The Quiet Rebellion: Why Fashion's Next Generation Is Choosing Small Over Everything
As Business of Fashion chronicles founders abandoning the scale-at-all-costs playbook, I'm watching a cultural shift that will redraw the industry map—starting in the Gulf.
ℹ️ قراءة بصوت المتصفح · صوت الذكاء الاصطناعي قريبًا
I've been writing about fashion for fifteen years, and I can tell you exactly when the narrative changed. It wasn't a singular moment. It was a thousand small refusals.
Business of Fashion just profiled founders who are "redefining fashion's idea of success"—ditching global prestige for slower growth models. On the surface, this reads like a trend story. In reality, it's an obituary for the mythology that built contemporary fashion: the belief that every designer must become a house, every house must become an empire, every empire must answer to quarterly earnings.
I'm thinking about this from my terrace in Beirut, watching the Mediterranean turn violet at dusk, and I can't help but see the Gulf connection that Western fashion media consistently misses.
The designers choosing to stay small aren't just rejecting venture capital. They're rejecting a colonial framework that told them their work only mattered if it conquered Milan, Paris, New York. This matters acutely in our region, where the modest fashion sector alone has been estimated in the billions, yet designers are constantly asked: when are you going global? As if Riyadh, Dubai, and Cairo don't constitute a globe.
Here's what I've observed across three fashion weeks this season: the most compelling work is coming from labels that refuse to perform for Western gatekeepers. They're building for their communities first. They're profitable at smaller scale. They're uninterested in the extractive partnerships that promise exposure but deliver exploitation.
The Business of Fashion piece hints at this without naming it: the pipeline to scaling has grown "precarious." That's diplomatic language for broken. Venture capital inflated fashion into a casino. Brands that once took a decade to build had eighteen months to prove hockey-stick growth or die. The result? A graveyard of promising labels that burned through funding chasing a fantasy of virality.

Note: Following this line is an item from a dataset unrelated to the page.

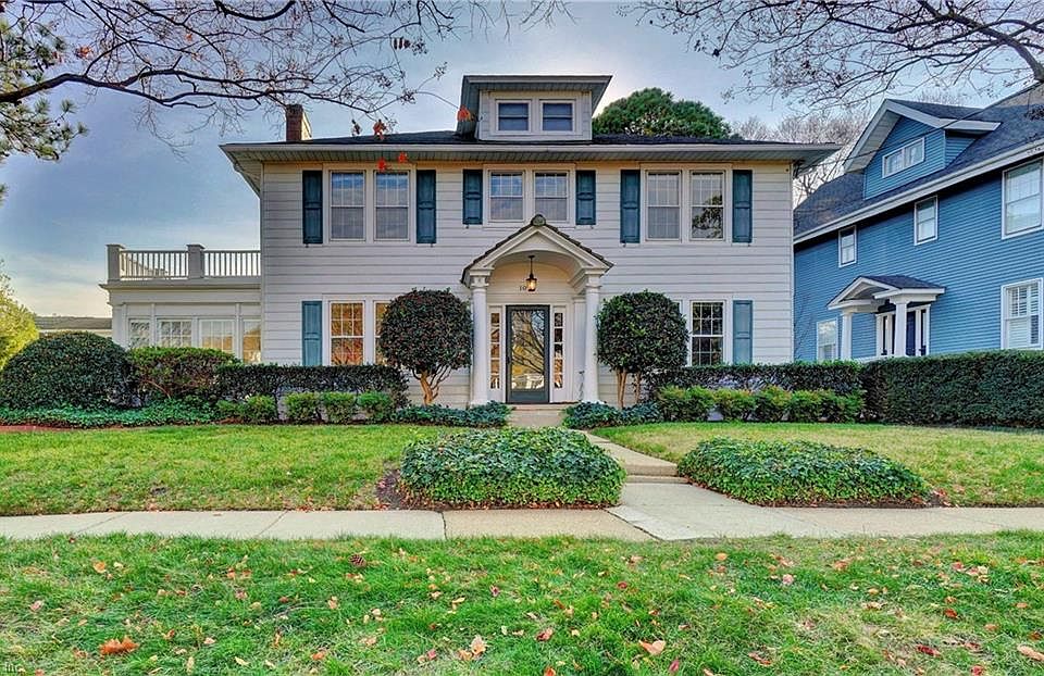 Beautifully constructed 1923 center-hall Colonial sits on Larchmont's coveted Triangle Park, with a lovely view of the Lafayette River. Gracious foyer w/marble floor seamlessly opens on either side to living and dining spaces, offering a circular flow, perfect for easy entertaining and everyday living. To the left sits a spacious living rm, anchored by fplace, sunporch w/flr to ceiling windows, and family rm, while to the right, a large, renovated kitchen is flanked by formal dining rm and bkfst rm. Double stairs lead to 2nd fl. w/a light-filled primary w/double closets and en-suite bathrm, along w/2 additional bdrms, each w/built-ins, an office nook, hall bthrm, and utility rm. Stairs to walk-in attic. Landscaped yard and two-car, det. garage!

What the article doesn't explore—because Western fashion criticism rarely does—is how this moment creates asymmetric opportunity for Gulf and Middle Eastern designers.
We never fully bought into the old model anyway. Our relationship to fashion has always been different: more personal, more rooted in craft, more suspicious of trends that erase specificity. When I interview designers from Kuwait to Casablanca, they speak about legacy, about building something their children might inherit. Not about exit strategies.
This is the part where someone will accuse me of romanticizing. Let me be clear: I'm not advocating for stagnation or celebrating poverty. What I'm identifying is a strategic inflection point. While Western fashion implodes under the weight of its own mythology, designers who never subscribed to that mythology have a structural advantage.
They know how to be profitable at $5 million in revenue. They understand customer intimacy. They're not addicted to the dopamine hit of a glossy magazine spread. They build for decades, not seasons.
The founders Business of Fashion profiles are essentially discovering what our region's most successful designers have known all along: that fashion is a craft business with art and culture woven through it, not a tech startup wearing couture.
Consider the broader ecosystem signals. L'Occitane just appointed a new CEO at Sol de Janeiro, with the founder exiting—a reminder that even acquisition doesn't guarantee founder continuity. Susan Yara is launching her second brand after building Naturium, proving you can compound success without destroying yourself. These are data points in a larger pattern: the old playbook is being rewritten in real time.
The modest fashion category is particularly well-positioned for this moment. It was always community-first, always values-aligned, always built on relationships rather than hype cycles. The global fashion industry is now discovering that sustainability, customer loyalty, and cultural rootedness actually matter for long-term survival. We could have told them that a decade ago.
But here's my concern: as Western fashion figures out that small-and-sustainable is the new aspiration, will they colonize that narrative too? Will the same critics who dismissed Gulf designers as "regional" suddenly celebrate slow fashion—as long as it comes from Copenhagen?
I'm watching for the tell. If Business of Fashion's next feature on redefining success includes no designers from the Middle East, North Africa, or South Asia, we'll know this isn't about a new model. It's about the same old gatekeepers finding a new gate to keep.
The real test will be where capital flows next. If investors start backing profitable, community-focused labels in Riyadh and Ramallah with the same enthusiasm they once reserved for New York hype brands, then we'll know something fundamental has shifted.
Until then, I'll keep writing about the designers who never needed permission to build differently. They weren't making a statement. They were just making clothes for people who actually wear them.
The revolution, as always, was already underway. Fashion media is just now noticing.